Не втравился ли Мехико в очередную из тысячи сомнительных межсоюзнических шпионских афер, которые навозникали по всему Лондону, едва здесь обосновались американцы и дюжина ссыльных правительств? Немцы у них странным образом растворились до малозначительности. Всякий озирается через плечо, «Свободные Французы» мстительно строят козни вишистским предателям, люблинские коммунисты целят в варшавских теневых министров, греки из ЭЛАСа ходят по пятам за монархистами, не подлежащие репатриации мечтатели на всех языках надеются одной лишь силой воли, кулаков, молитвы вернуть королей, республики, претендентов, летние анархизмы, канувшие, не успели сжать первый урожай... кто-то жалко мрет, безымянный, подо льдом и снегом воронок в Ист-Энде, и найдут его только весною, кто-то спивается или удалбывается опием, чтобы только выдержать превратности дня, большинство как-то теряет — теряет остатки своих душ, доверяют все меньше и меньше, их захватывает нескончаемая трескотня игры, ее каждодневная самокритика, ее требования абсолютного внимания... и какого это иностранца Пират имеет в виду, если не ласкара без родины, этого несчастнейшего изгнанника, что глядит на него из зеркала...

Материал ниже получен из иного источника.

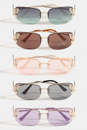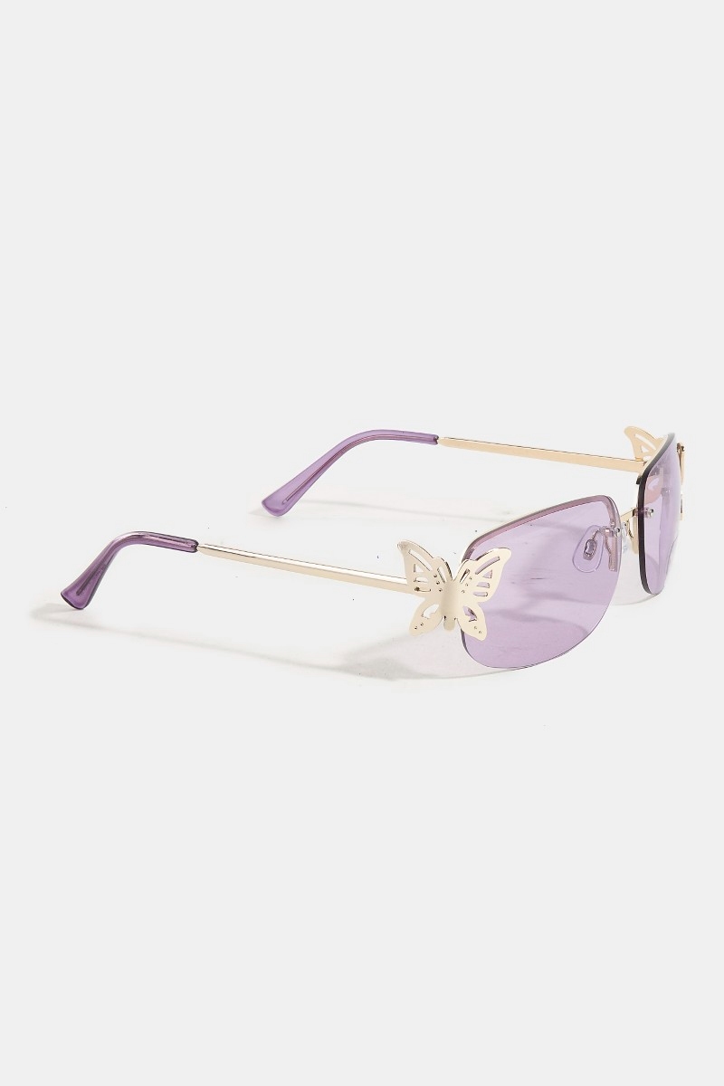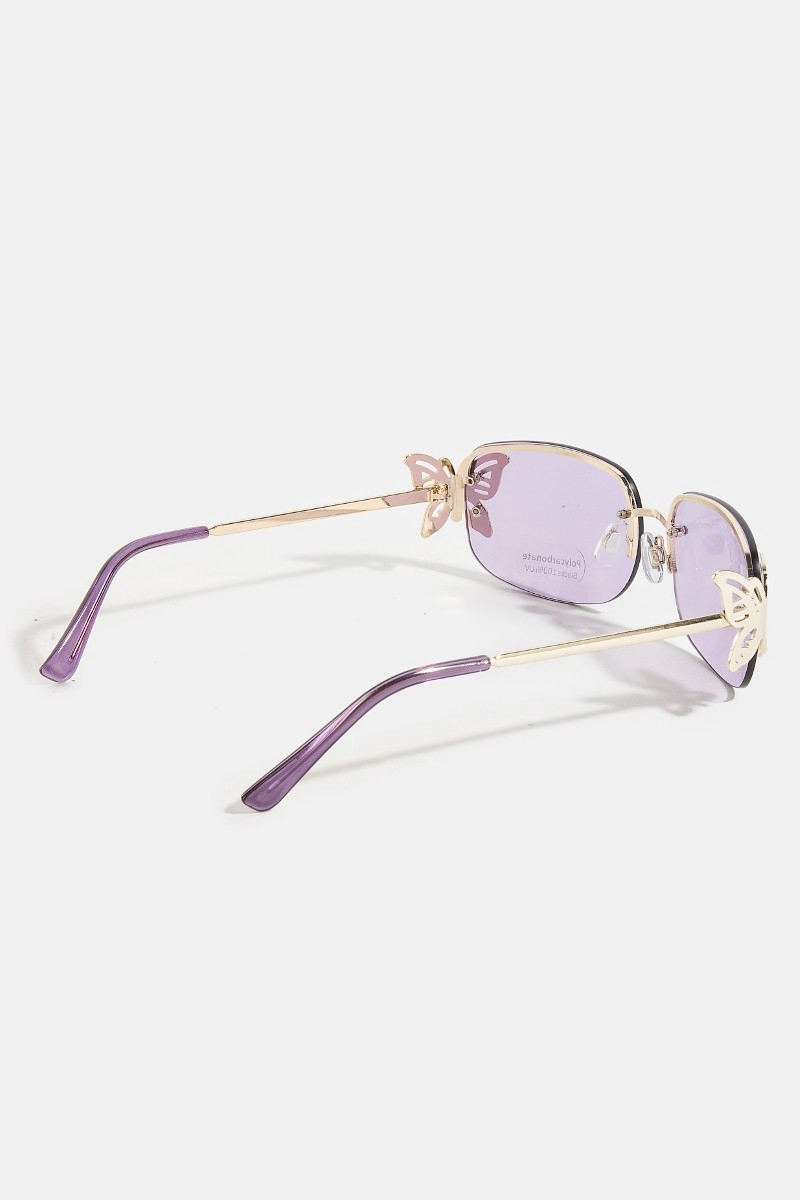 - This set of sunglasses adds a modern butterfly accent frameless rectangle sunglasses set style. Experience refined sophistication with this understated yet stylish piece.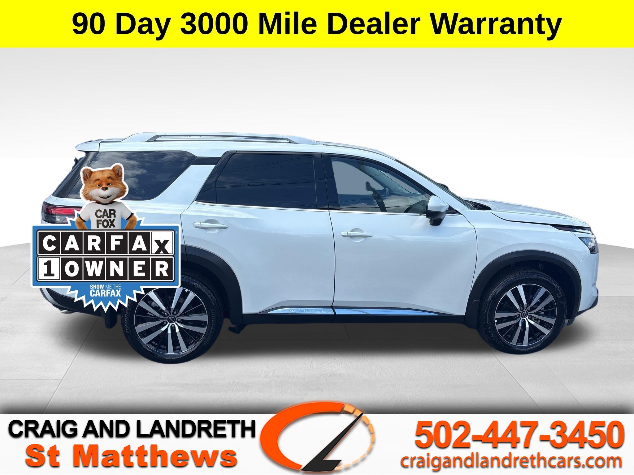 CARFAX One-Owner. Clean CARFAX. Everest White Pearl Tricoat FWD 2025 Nissan Pathfinder Platinum 3.5L V6 DOHC 20/27 City/Highway MPG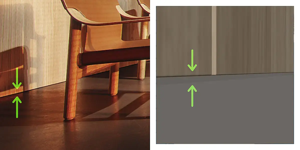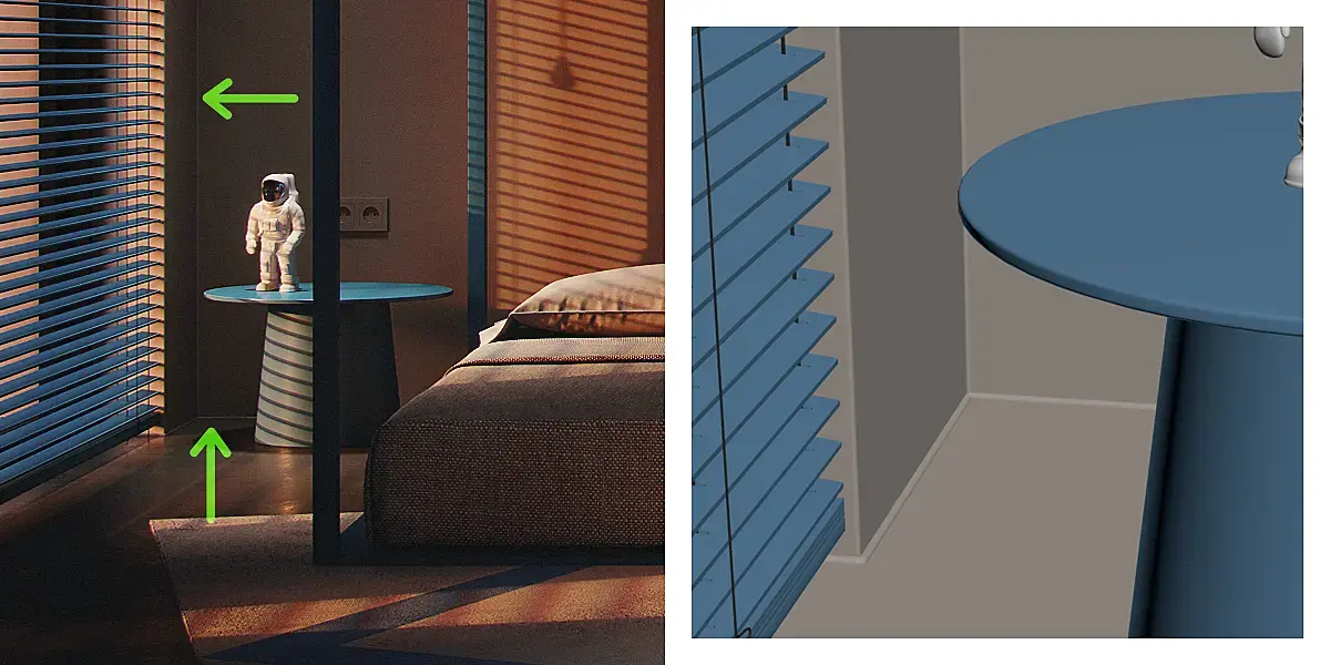 * Небольшая фаска на внутренних и внешних углах, сопряжение пола со стеной. Элементарные действия, улучшающие поведение бликов от источников света в сцене.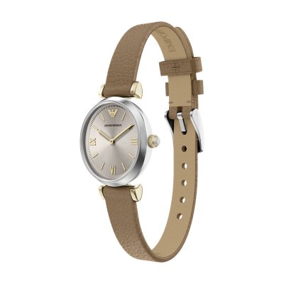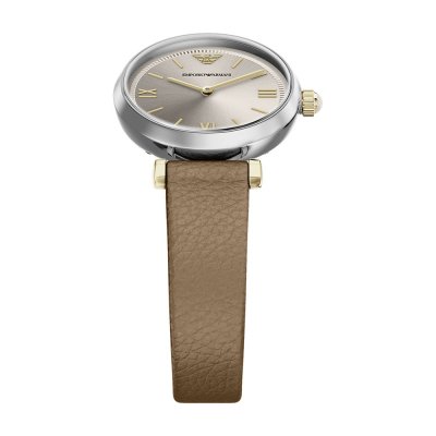 This Emporio Armani watch has a case made of Steel silver with a diameter of 28 mm and is fitted with a leather strap. Inside the case lies a Seiko Instruments Inc. movement and the watch features a Mineral crystal.

Что ж: он догадывается, Они обремизили Мехико, и теперь тот влип в какие-то подобные византийские игрища, вероятно, связанные с американцами. А может, и с русскими. Поскольку «Белое явление» призвано заниматься психологической войной, в нем нашло приют всякой твари по паре: тут бихевиорист, там павловец. Пирата не касается. Но он отмечает: с каждой доставкой пленки энтузиазм Роджера растет. Нездорово, нездорово: такое чувство, будто Пират наблюдает пагубное пристрастие. Словно его друга, его условного военного друга используют для чего-то не вполне пристойного.

Что тут сделаешь? Если б Мехико хотел об этом поговорить, он бы нашел способ, и к черту безопасность. Его нежелание — иного сорта, нежели Пиратово насчет Операции «Черное крыло». Больше похоже на стыд. Сегодня, беря конверт, не прятал ли Роджер глаза? те лупцевали углы с невероятной скоростью, рефлекс покупателя порнографии... гм-м. Знаем мы Бомбажа — вероятно, так и есть, молодая дамочка охмуряет обеспеченного юношу, несколько поз — полезнее всего, что нафотографировала эта война... жизнь, по крайней мере...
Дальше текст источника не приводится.